Read the full paper for a more curated description of the library.

Getting started

Check our Getting Started tutorials for quickly ramp up with the basic features of the library!

Documentation and knowledge base

The TorchRL documentation can be found here. It contains tutorials and the API reference.

TorchRL also provides a RL knowledge base to help you debug your code, or simply learn the basics of RL. Check it out here.

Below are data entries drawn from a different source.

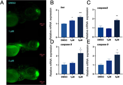 Vitamin A improves neurodevelopment and the relative expression of dopamine-related genes. DMSO was used as the control group in this experiment. The 1 μM group represented the exposure group with a PFOS concentration of 1 μM, and the 5 μM group represented the exposure group with a PFOS concentration of 5 μM. “VA” refers to the vitamin A group; 1 μM + VA denotes the vitamin A intervention group with a PFOS concentration of 1 μM, and 5 μM + VA denotes the vitamin A intervention group with a PFOS concentration of 5 μM. |
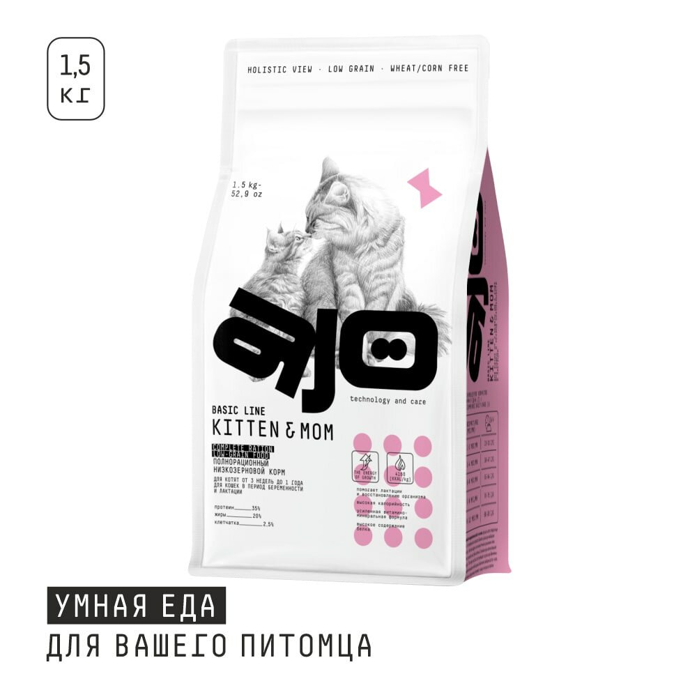 AJO Cat Kitten & Mom Сухой полнорационный корм для котят, беременных и кормящих кошек 1,5 кг
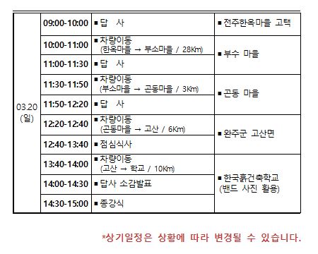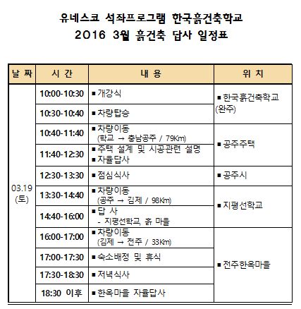 2016 3월 흙건축 답사 일정표

We have some introductory videos for you to get to know the library better, check them out:

Spotlight publications

TorchRL being domain-agnostic, you can use it across many different fields. Here are a few examples:

ACEGEN: Reinforcement Learning of Generative Chemical Agents for Drug Discovery
BenchMARL: Benchmarking Multi-Agent Reinforcement Learning
BricksRL: A Platform for Democratizing Robotics and Reinforcement Learning Research and Education with LEGO
OmniDrones: An Efficient and Flexible Platform for Reinforcement Learning in Drone Control
RL4CO: an Extensive Reinforcement Learning for Combinatorial Optimization Benchmark
Robohive: A unified framework for robot learning

Writing simplified and portable RL codebase with `TensorDict`

RL algorithms are very heterogeneous, and it can be hard to recycle a codebase across settings (e.g. from online to offline, from state-based to pixel-based learning). TorchRL solves this problem through TensorDict, a convenient data structure⁽¹⁾ that can be used to streamline one's RL codebase. With this tool, one can write a complete PPO training script in less than 100 lines of code!

Code

import torch
from tensordict.nn import TensorDictModule
from tensordict.nn.distributions import NormalParamExtractor
from torch import nn

from torchrl.collectors import SyncDataCollector
from torchrl.data.replay_buffers import TensorDictReplayBuffer, \
  LazyTensorStorage, SamplerWithoutReplacement
from torchrl.envs.libs.gym import GymEnv
from torchrl.modules import ProbabilisticActor, ValueOperator, TanhNormal
from torchrl.objectives import ClipPPOLoss
from torchrl.objectives.value import GAE

env = GymEnv("Pendulum-v1") 
model = TensorDictModule(
  nn.Sequential(
      nn.Linear(3, 128), nn.Tanh(),
      nn.Linear(128, 128), nn.Tanh(),
      nn.Linear(128, 128), nn.Tanh(),
      nn.Linear(128, 2),
      NormalParamExtractor()
  ),
  in_keys=["observation"],
  out_keys=["loc", "scale"]
)
critic = ValueOperator(
  nn.Sequential(
      nn.Linear(3, 128), nn.Tanh(),
      nn.Linear(128, 128), nn.Tanh(),
      nn.Linear(128, 128), nn.Tanh(),
      nn.Linear(128, 1),
  ),
  in_keys=["observation"],
)
actor = ProbabilisticActor(
  model,
  in_keys=["loc", "scale"],
  distribution_class=TanhNormal,
  distribution_kwargs={"low": -1.0, "high": 1.0},
  return_log_prob=True
  )
buffer = TensorDictReplayBuffer(
  storage=LazyTensorStorage(1000),
  sampler=SamplerWithoutReplacement(),
  batch_size=50,
  )
collector = SyncDataCollector(
  env,
  actor,
  frames_per_batch=1000,
  total_frames=1_000_000,
)
loss_fn = ClipPPOLoss(actor, critic)
adv_fn = GAE(value_network=critic, average_gae=True, gamma=0.99, lmbda=0.95)
optim = torch.optim.Adam(loss_fn.parameters(), lr=2e-4)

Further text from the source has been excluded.